修改/etc/sysctl.conf配置文件，

cat /etc/sysctl.conf | grep vm.max_map_count
vm.max_map_count=262144

如果不存在则添加

echo "vm.max_map_count=262144" >>/etc/sysctl.conf

sysctl -p

[3]: system call filters failed to install; check the logs and fix your configuration or disable system call filters at your own risk

在elasticsearch.yml中配置bootstrap.system_call_filter为false，注意要在Memory下面:
bootstrap.memory_lock: false
bootstrap.system_call_filter: false

3、下载和安装JanusGraph

https://github.com/JanusGraph/janusgraph/releases/    下载janusgraph-0.2.0-hadoop2.zip

编辑janusgraph-cassandra-es.properties，将es和cassandra的ip指定为步骤1，2中的IP

sh bin/gremlin.sh

graph = JanusGraphFactory.open("conf/janusgraph-cassandra-es.properties")，如提示standardjanusgraph[cassandrathrift:[127.0.0.1]]，则配置成功

4、启动gremlin server

修改conf/gremlin-server/gremlin-server.yaml，确定properties文中的cassandra和es的ip正确

sh bin/gremlin-server.sh

使用gremlin.sh测试是否可以连上服务，:remote connect tinkerpop.server conf/remote.yaml

组建集群及多图
1、GremlinServer多图配置

服务器gremlin-server.yaml中可以设置多个graph的properties文件

graphs: {
graph: conf/gremlin-server/janusgraph-cassandra-es-server.properties,
pressureGraph: conf/gremlin-server/janusgraph-pressure.properties
}

janusgraph-pressure.properties中需要声明keyspace和index-name，否则会按照默认名字janusgraph建立存储和索引。
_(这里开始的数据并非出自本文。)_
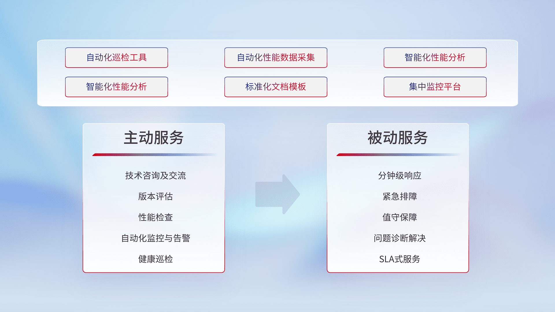 智能化工具和标准化文档,,保障服务质量,,,,提供主动服务(包含技术咨询、、版本评估、、、性能检查、、、自动化监控与告警、、、健康巡检)和被动服务包含(分钟级响应、、紧急排障、、值守保障、、、、问题诊断解决、、SLA服务)。。。

多个properties指向同一个图。

storage.hostname=10.*.*.*
storage.cassandra.keyspace=pressure

index.pressure.hostname=10.*.*.*:9200

index.pressure.index-name=pressure

PS:可使用cqlsh describe keyspaces ， curl -XGET 10.*.*.*:9200/_cat/indices查看存储及索引情况

scripts/empty-sample.groovy,增加traversalSource，对应不同的graph

globals << [g : graph.traversal(), p : pressureGraph.traversal()]

2、集群配置配置

客户端remote-objects.yaml，指定多实例IP，并实现负载均衡

hosts: [10.*.*.*,10.*.*.*]

jgex-remote.properties指定服务器上的traversalSource

gremlin.remote.driver.sourceName=p

索引优化及检查
1、composite索引，基于storage backend实现，仅支持相等（完全匹配），速度快

    mgmt.buildIndex('copIndustryCode', Vertex.class).addKey(industryCode).buildCompositeIndex()

2、mixed索引，基于index backend实现，支持如ES的特性，速度慢于composite索引。最后一个参数为index-name。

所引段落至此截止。